Paul had requested Catrina and Maggie to drive as quietly as possible
through the forest. The warning was unnecessary, for the stillness of
snow is infectious, while the beauty of the scene seemed to command
silence. As usual, Catrina drove without bells. The one attendant on his
perch behind was a fur-clad statue of servitude and silence. Maggie,
leaning back, hidden to the eyes in her sables, had nothing to say to
her companion. The way lay through forests of pine--trackless,
motionless, virgin. The sun, filtering through the snow-laden branches,
cast a subdued golden light upon the ruddy upright trunks of the trees.
At times a willow-grouse, white as the snow, light and graceful on the
wing, rose from the branch where he had been laughing to his mate with a
low, cooing laugh, and fluttered away over the trees.

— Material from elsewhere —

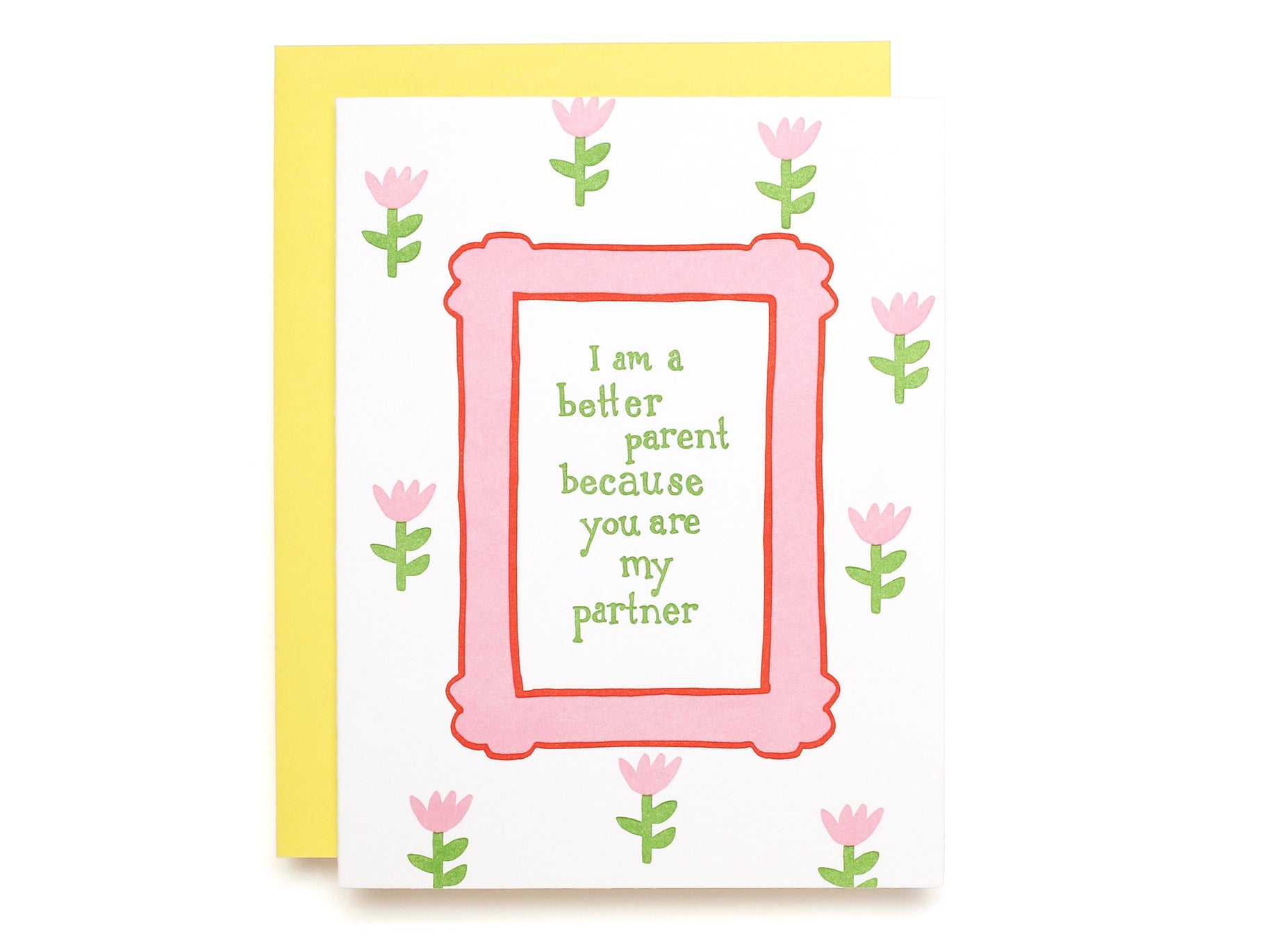 Celebrate your partnership with the Better Parent Greeting Card. Its bold pink frame draws the eye to the heartfelt green message: "I am a better parent because you are my partner." Delicate pale pink flowers and green stems add subtle charm on the white background, while a vibrant yellow envelope completes this striking, unapologetically genuine expression of gratitude.

"A kooropatka," said Catrina, who knew the life of the forest almost as
well as Paul, whose very existence was wrapped up in these things.
Far over the summits of the pines a snipe seemed to be wheeling a
sentinel round. He followed them as they sped along, calling out all the
while his deep warning note, like that of a lamb crouching beneath a
hedge where the wind is not tempered.
Once or twice they heard the dismal howl of a wolf--the most melancholy,
the weirdest, the most hopeless of nature's calls. The whole forest
seemed to be on the alert--astir and in suspense. The wolf, disturbed in
his lair, no doubt heard and understood the cry of the watchful snipe
and the sudden silence of the willow-grouse, who loves to sit and laugh
when all is safe. A clumsy capercailzie, swinging along over the trees
with a great flap and rush of wings, seemed to be intent on his own
solitary, majestic business--a very king among the fowls of the air.
Amid the topmost branches of the pines the wind whispered and stirred
like a child in sleep; but beneath all was still. Every branch stood
motionless beneath its burden of snow. The air was thin, exhilarating,
brilliant--like dry champagne. It seemed to send the blood coursing
through the veins with a very joy of life.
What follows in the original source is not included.